Мальтийский жезл-Александрийская гемма]
— Пенсия мне идет, — Степановна устало обмякла. — Сорок шесть рубликов, да рази их хватит на дом? Одного свету уходит шестнадцать, а дрова… Сам мне и трогать пенсию-то не велел.
— Пенсию тебе туда же перечисляют? — болезненно ощущая, как от него ускользает нечто исключительно важное, все же поспешил уточнить Люсин. — В сберкассу?
— Туда, батюшка, туда. — Окончательно проникшись доверием, Аглая Степановна обнаружила явное стремление заручиться люсинской благосклонностью. — Уж ты разберись, что к чему, а то как бы, не ровен час, меня на улицу не выкинули. — Она подавленно всхлипнула. — Сам-то уж не заступится.
— Почему сразу не заявила о пропаже? Я тебя, помнится, спрашивал: все ли на месте? Ведь спрашивал, Аглая Степановна?

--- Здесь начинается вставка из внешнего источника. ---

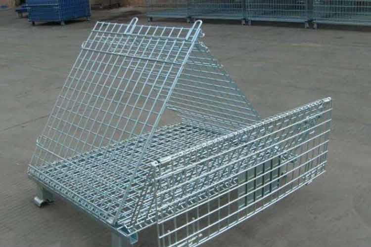 可折疊蝴蝶籠的主要原材料是高線拉成的鋼絲,一般絲徑是5mm,6mm,6.4mm。網(wǎng)片焊接的網(wǎng)目間距一般為50×100,100×100,50×50。折疊式倉(cāng)庫(kù)籠采用U型鋼焊接而成,U型鋼是冷軋帶鋼軋機(jī)軋制而成,底部四角采用沖壓件一次沖制而成。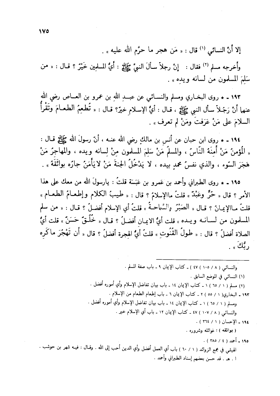 193 - * روى البخاري ومسلم النسائي عبد الله بن عمرو بن العاص رضي الله عنها أن رجلا سأل النبي صلى الله عليه وسلم، وقال: أي الإسلام خير؟ قال: "تطعم الطعام وتقرأ السلام على من عرفت ومن لم تعرف"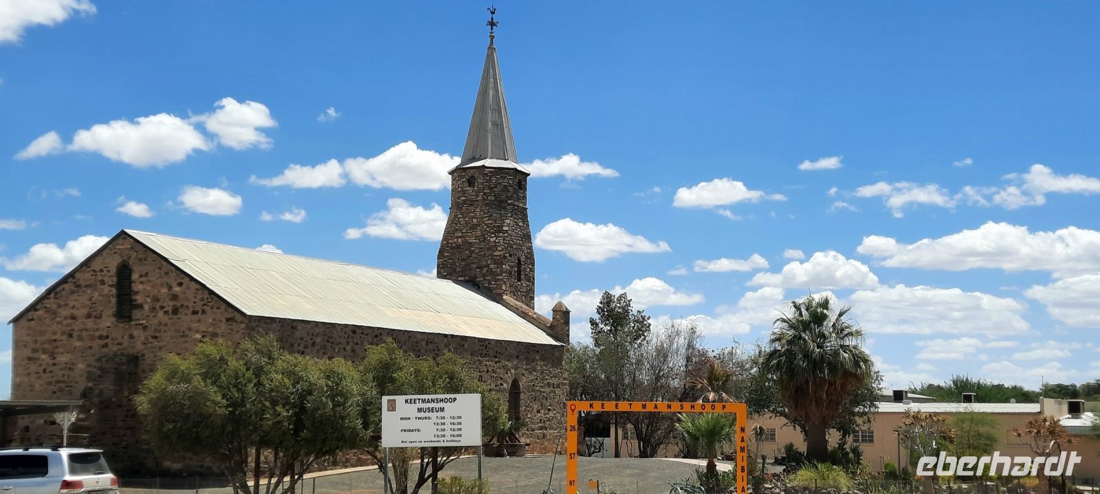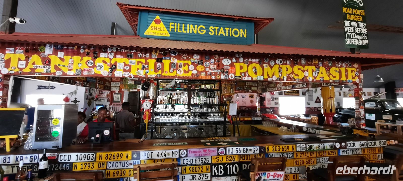Nach dem wir gut gefrühstückt hatten, erklang das Hoppi, hoppi! Also einsteigen und ab zur erfrischenden Atlantikküste. In Solitaire pausierten wir dann für 2T (Toi, Tasse Kaffee). Auch gab es wieder allerhand zum Schauen, nur die Erdmännchen fehlten. Dafür sahen wir aber eine zutrauliche gelbe Manguste, die wir zunächst für ein Erdmännchen hielten. Im "Verkehrsknotenpunkt" Solitaire ging es beschaulich zu, wo sich sonst doch hier zig Touristen tummeln. Der berühmte Apfelkuchen von McGregor wird immer noch gebacken und ist über Kontinente bekannt. Aber auch alte Fahrzeuge, Nostalgisches und Lustiges gab es zu entdecken. Weiter ging es durch die einsame, unendliche Weite des Namib Naukluft Parks. Die Landschaft wurde immer karger und steiniger, aber nicht weniger interessant und faszinierend. Harold eine mächtige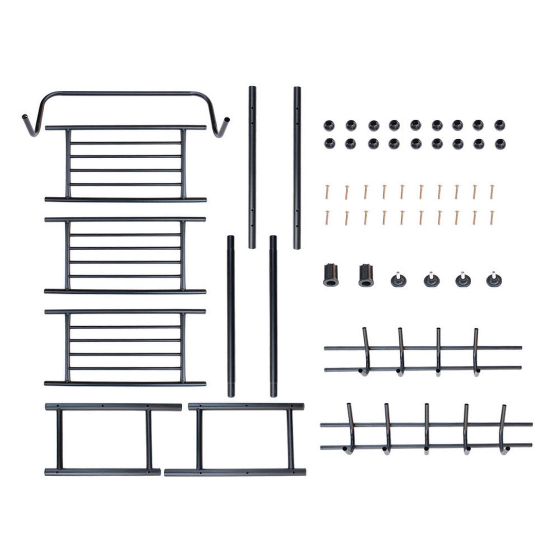 It can be easily placed by the entryway, in your living room, bedroom, and dressing room. You can even put it in the bathroom to organize your bathroom products. It easily blends into most decors and is water- and rust-resistant because of its black powder-coated finish.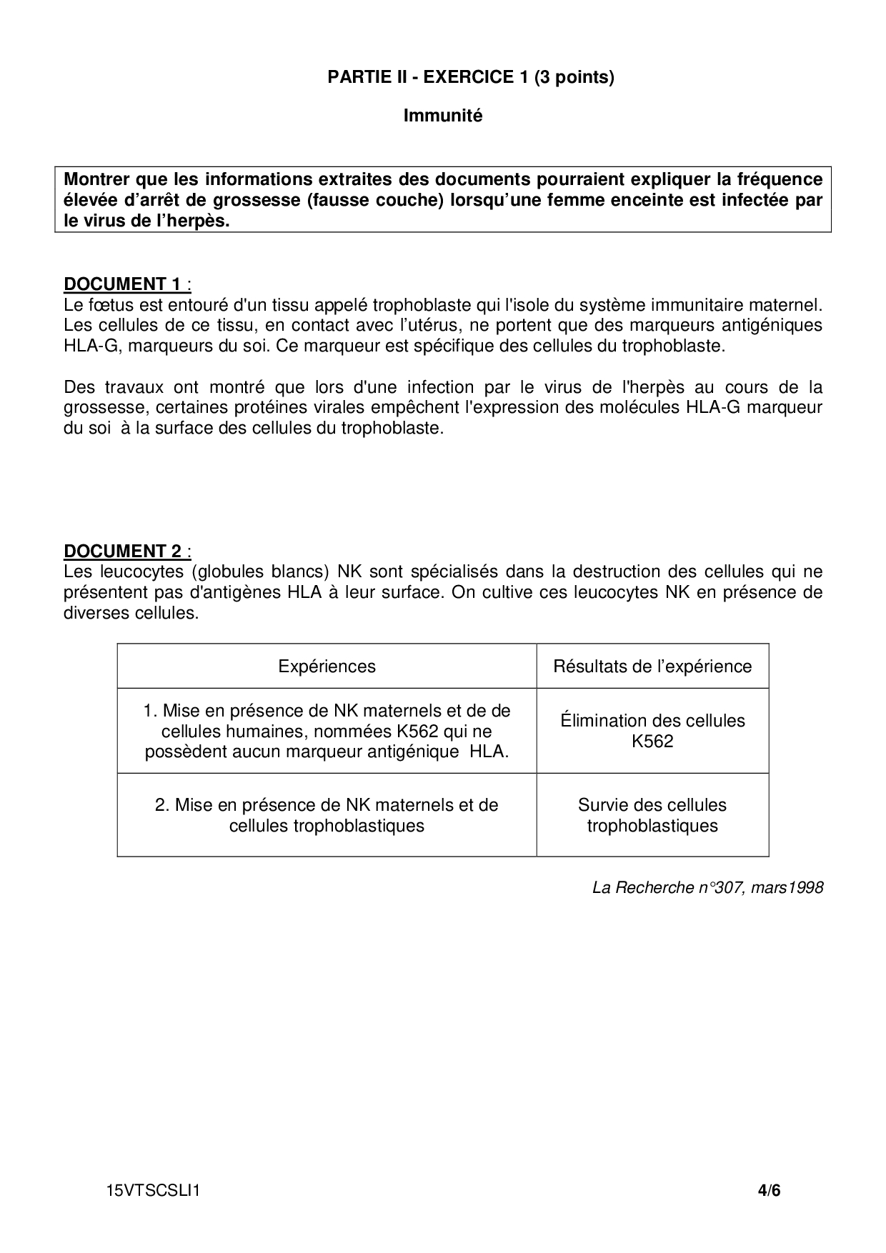 Bac S SVT (Spécialité) Liban 2015 - Sujet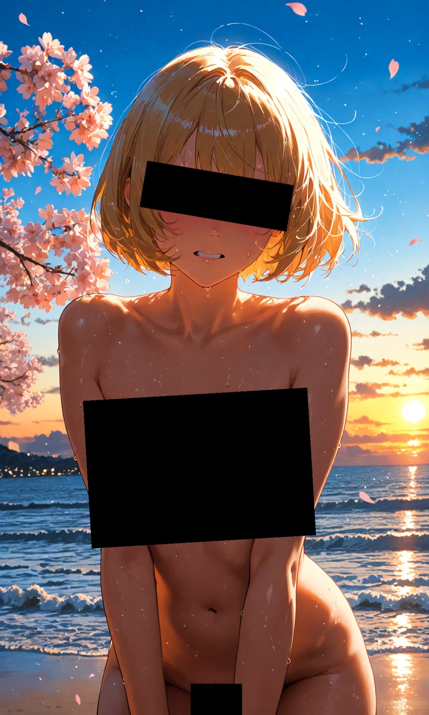 金髪貧乳美少女のえっちなCG集〜春の雲の多い夕方の海編〜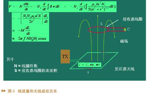 圖6所示為一個磁通量和天線感應電壓關系的公式,這里主要是說明在判斷感應電壓的時候看到很多的因素:比如線圈的匝數、接觸器線圈表面積、頻率、接收電線和發(fā)送天線的角度都會影響到天線感應的電壓。
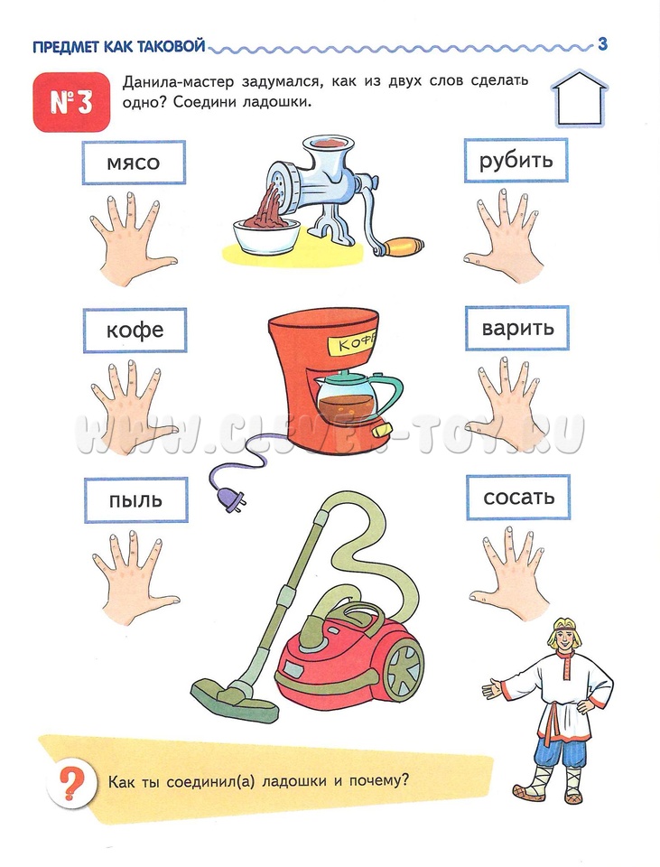 Тетрадь содержит игровые упражнения и задания, направленные на познавательное развитие детей 6-7 лет. В процессе выполнения заданий дети размышляют, уточняют представления о предметном мире, обогащают сенсорный опыт и осознают, что все предметы созданы человеком и их назначение определяется человеческой мыслью.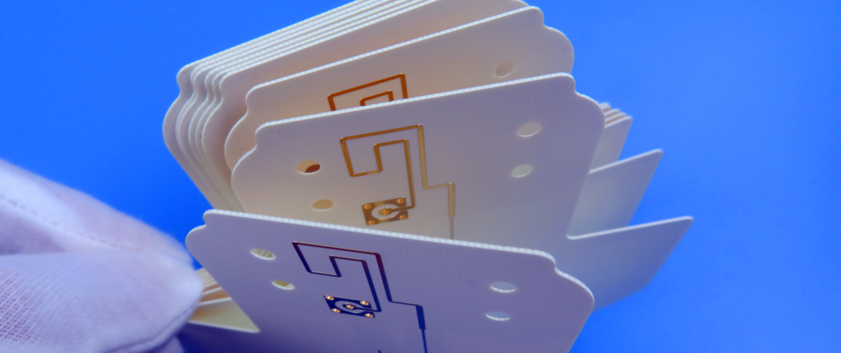 This 3-layer high-frequency PCB is built using two cores of RO4350B, with one copper layer etched away, resulting in three functional layers.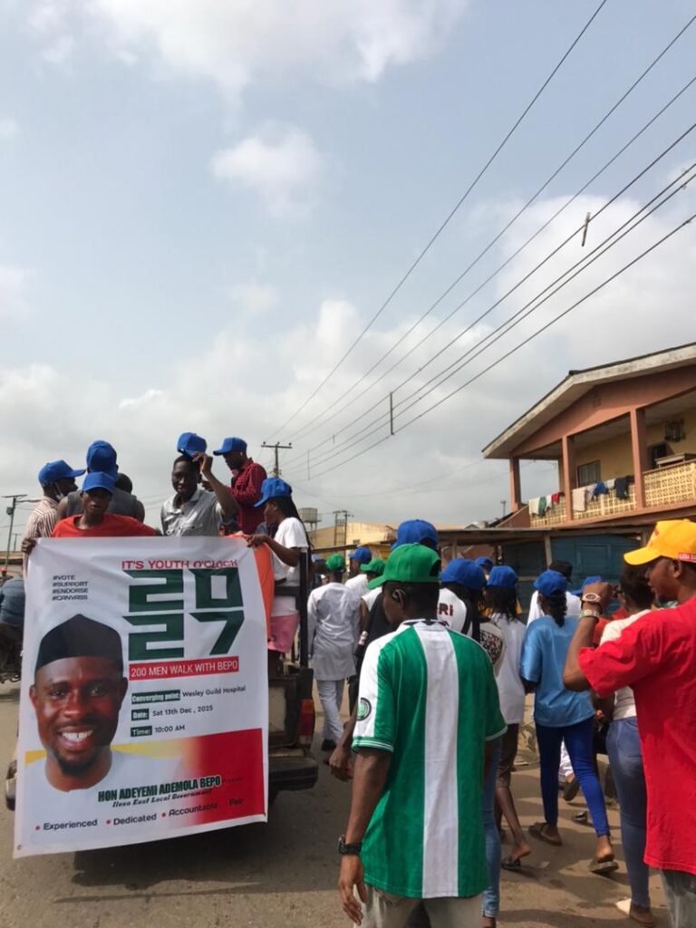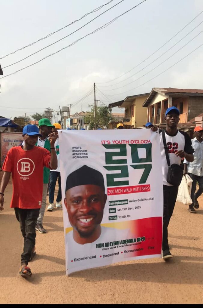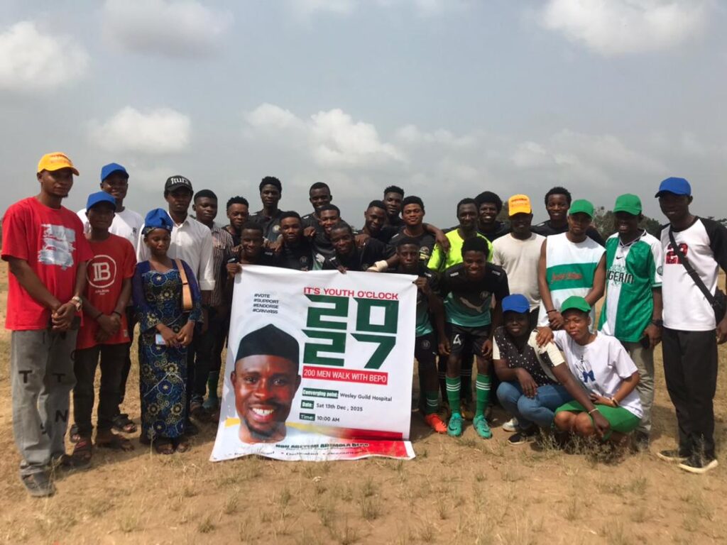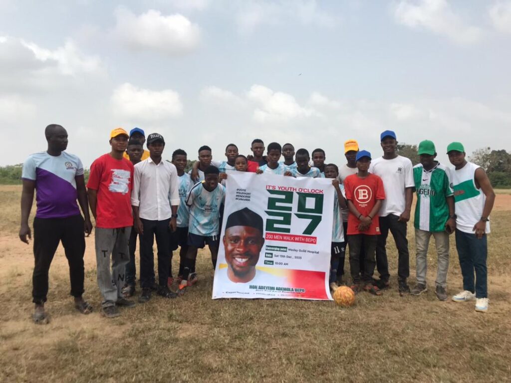 On Saturday, 13th of December, 2025 Youths from various areas of Ilesa East Local Government converged at Wesley Guild hospital gate, Ilesa for 200 Men walk with Honourable BEPO, the Youths started by paying homage to the Celebrant’s parents at their Isona residence before moving round some areas of Ilesa East Local Government and ended at C&S High School, Iyemogun road, Ilesa for the final match of the football competition organized in honour of the Celebrant.

— Так я только после хватилась, — удрученно вздохнула она. — Когда стекольщика позвала.
— И что же стекольщик? — вновь глубоко уйдя в себя, пробормотал Люсин. — Небось обождет?
— Обождет, батюшка, он свой. Куды денется?
— Значит, сберкнижкой вы с Георгием Мартыновичем пользовались вдвоем, — обращаясь к Степановне, Люсин как бы рассуждал вслух. — Сберкнижка, как ты говоришь, пропала. Отсюда мы с известной уверенностью можем заключить, что взял ее не кто иной, как твой Георгий Мартынович. Могло такое быть?
— Вестимо, могло, — охотно подтвердила она. — Деньги потребовались, вот он и взял.
— Я позвоню от тебя, Аглая Степановна, не возражаешь?
Владимир Константинович прошел в знакомый кабинет, где уже был наведен относительный порядок: выметено битое стекло и прочий мусор, подвешены на прежнее место полки. Только стопки тетрадей и книг, бережно накрытые газетами, жались друг к другу в дальнем углу от окна. Словно ждали, что со дня на день вернется хозяин и заботливо расставит по заветным местам.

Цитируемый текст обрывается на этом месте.